• Data extract:
:::::
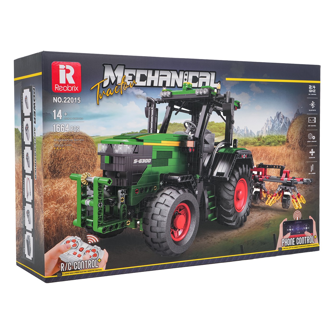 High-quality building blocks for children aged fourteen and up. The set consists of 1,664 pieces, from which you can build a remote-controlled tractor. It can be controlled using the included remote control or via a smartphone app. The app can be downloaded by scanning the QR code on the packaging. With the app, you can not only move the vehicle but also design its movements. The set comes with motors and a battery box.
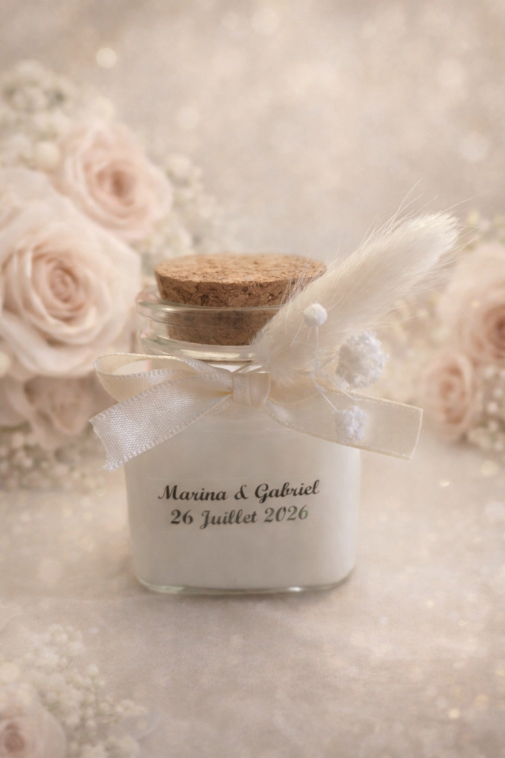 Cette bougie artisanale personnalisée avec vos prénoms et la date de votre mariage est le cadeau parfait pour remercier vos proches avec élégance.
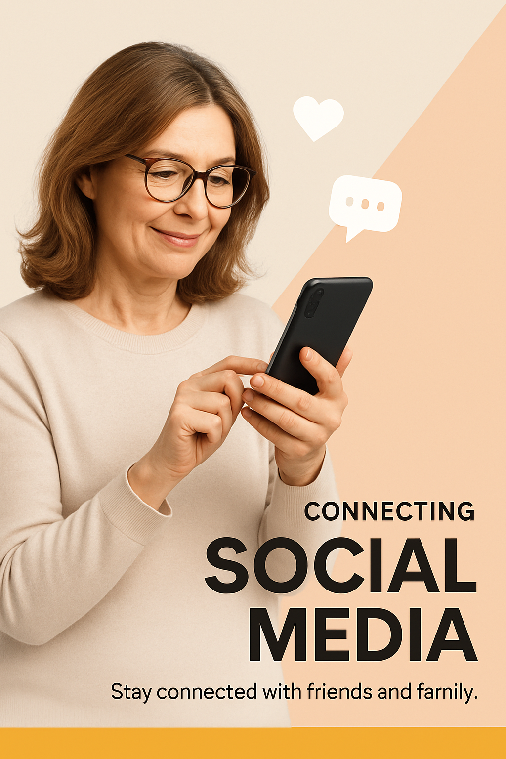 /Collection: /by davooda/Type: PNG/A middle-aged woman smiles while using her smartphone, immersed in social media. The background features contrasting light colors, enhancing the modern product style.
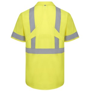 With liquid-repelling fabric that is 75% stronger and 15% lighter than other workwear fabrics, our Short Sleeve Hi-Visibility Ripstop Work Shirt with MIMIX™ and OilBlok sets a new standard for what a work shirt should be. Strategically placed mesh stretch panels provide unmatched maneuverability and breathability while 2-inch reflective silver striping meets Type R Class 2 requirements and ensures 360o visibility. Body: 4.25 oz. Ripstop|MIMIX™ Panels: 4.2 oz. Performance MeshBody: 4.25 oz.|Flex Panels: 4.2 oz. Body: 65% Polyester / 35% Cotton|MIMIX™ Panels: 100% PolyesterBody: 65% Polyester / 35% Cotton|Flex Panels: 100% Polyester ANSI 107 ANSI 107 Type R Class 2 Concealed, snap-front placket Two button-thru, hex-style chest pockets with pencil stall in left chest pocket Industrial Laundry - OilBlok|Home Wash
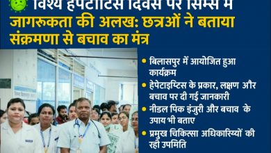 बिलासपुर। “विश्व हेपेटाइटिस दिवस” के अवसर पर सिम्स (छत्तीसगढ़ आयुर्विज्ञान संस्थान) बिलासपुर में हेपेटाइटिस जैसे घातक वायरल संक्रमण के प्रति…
:::::
• Assignment:
The result should be an exact retyped version of all the entries above, containing no pictures.

• Solution to this problem:
 High-quality building blocks for children aged fourteen and up. The set consists of 1,664 pieces, from which you can build a remote-controlled tractor. It can be controlled using the included remote control or via a smartphone app. The app can be downloaded by scanning the QR code on the packaging. With the app, you can not only move the vehicle but also design its movements. The set comes with motors and a battery box.
 Cette bougie artisanale personnalisée avec vos prénoms et la date de votre mariage est le cadeau parfait pour remercier vos proches avec élégance.
 /Collection: /by davooda/Type: PNG/A middle-aged woman smiles while using her smartphone, immersed in social media. The background features contrasting light colors, enhancing the modern product style.
 With liquid-repelling fabric that is 75% stronger and 15% lighter than other workwear fabrics, our Short Sleeve Hi-Visibility Ripstop Work Shirt with MIMIX™ and OilBlok sets a new standard for what a work shirt should be. Strategically placed mesh stretch panels provide unmatched maneuverability and breathability while 2-inch reflective silver striping meets Type R Class 2 requirements and ensures 360o visibility. Body: 4.25 oz. Ripstop|MIMIX™ Panels: 4.2 oz. Performance MeshBody: 4.25 oz.|Flex Panels: 4.2 oz. Body: 65% Polyester / 35% Cotton|MIMIX™ Panels: 100% PolyesterBody: 65% Polyester / 35% Cotton|Flex Panels: 100% Polyester ANSI 107 ANSI 107 Type R Class 2 Concealed, snap-front placket Two button-thru, hex-style chest pockets with pencil stall in left chest pocket Industrial Laundry - OilBlok|Home Wash
 बिलासपुर। “विश्व हेपेटाइटिस दिवस” के अवसर पर सिम्स (छत्तीसगढ़ आयुर्विज्ञान संस्थान) बिलासपुर में हेपेटाइटिस जैसे घातक वायरल संक्रमण के प्रति…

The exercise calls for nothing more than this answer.